勝ち筋がない日本
需要側・供給側セットの戦略が必要
まず、業種を超えた横断的な戦略がない。欧州が旧来型の自動車産業のEVシフトを優位に進めるために、中韓の電池メーカーを域内に呼び込み“欧州規格”のエネルギーマネジメントを展開しようとしているのとは対照的だ。
次に、ライフサイクルアセスメント(LCA。製品・サービスの原料調達から、生産・流通、廃棄に至るまでのライフサイクルにおける環境負荷の低減を定量的に評価する手法)の視点も乏しい。
製造業など、エネルギーを利用する需要側にとって、脱炭素はビジネス参加の最低条件となった。それにもかかわらず、電力会社などエネルギー供給者に配慮されたエネルギー基本計画が土台にあり、需要側の意向は反映されにくい。

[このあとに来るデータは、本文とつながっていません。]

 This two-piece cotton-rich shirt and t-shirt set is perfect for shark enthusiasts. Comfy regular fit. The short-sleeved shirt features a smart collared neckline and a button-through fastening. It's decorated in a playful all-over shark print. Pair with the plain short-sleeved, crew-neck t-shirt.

実際に、「今回の計画はエネルギー供給側に偏っているため、脱炭素社会に向けてエネルギー需要側のイノベーションが必須となる」と竹内純子・国際環境経済研究所主席研究員は指摘する。
業種横断的な戦略とLCAが組み込まれた戦略。これらの欠如は、次世代エネルギーの目玉となった洋上風力と水素の普及の壁にもなるだろう。

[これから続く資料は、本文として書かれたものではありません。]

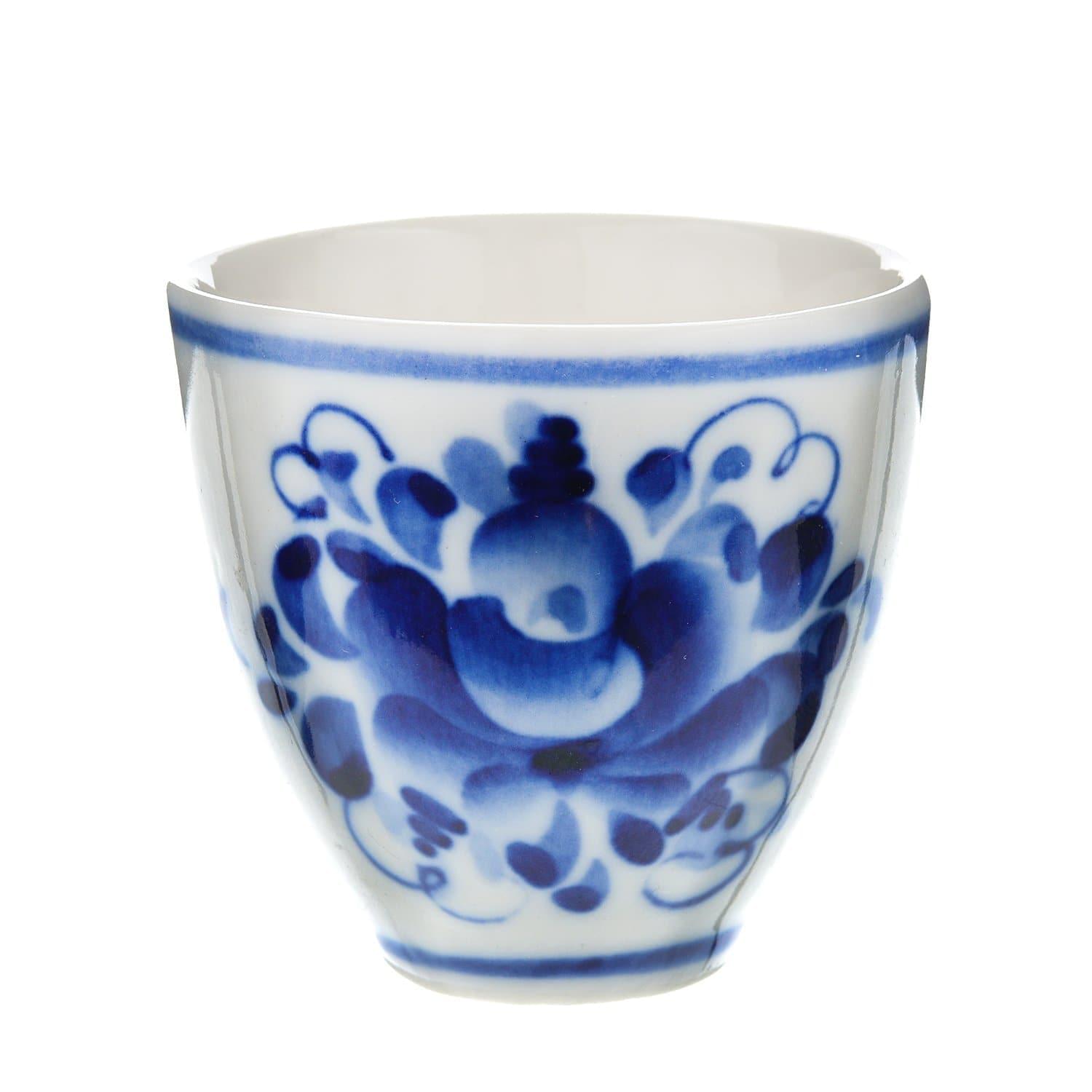 Образец посуды представляет собой штучный образец гжельского промысла, процветающего на территории двух бывших губерний, Бронницкой и Богородской. Корпус бокальчика для вина изготовлен гжельским мастером, обладающим навыками гончара и художника рисовальщика. Он оформлен из высококачественной подмосковной глины белого сорта. Корпус расписан традиционной краской гжельских мастеров, окисью кобальта, которая после нескольких обжигов в печи приобретает синий цвет с более чем 40 его оттенками. Поверхность с росписью покрыта защитными слоями прозрачной стеклянной глазури, поверх которой тонкой кистью выполнен декор позолотой. Материал: фарфор. Авторская работа. Роспись Гжель. Размеры: 6х6 см. ....

ただでさえ洋上風力は発電コストが高く、補助金頼みとなる電源だ。その上、洋上風力タービン市場は欧州勢で寡占化されている。発電機向けの部品市場についても、日本企業がどこまで食い込めるかは未知数だ。
水素が壁に直面するのは、いつか来た道である。14年にトヨタ自動車が世界初の量産燃料電池車(FCV)「ミライ」を発売した後、やはり世界に先駆けて水素基本戦略を策定した。それでも、日本に水素社会は生まれなかった。
その背景には、「水素サプライチェーンのうちBtoC向けの“使う”ところにしか重きが置かれていなかった。端的に言えばトヨタさんだけが頑張って、発電などBtoBでの広がりがなかった」(エネルギー関係者)ことがある。川上から川下までのサプライチェーンが潤うパッケージ戦略なくして生き残れない。
世界で勃発したグリーン経済戦争は、まさしく技術覇権戦争である。したたかな戦略がなければ、グリーン革命は起こせない。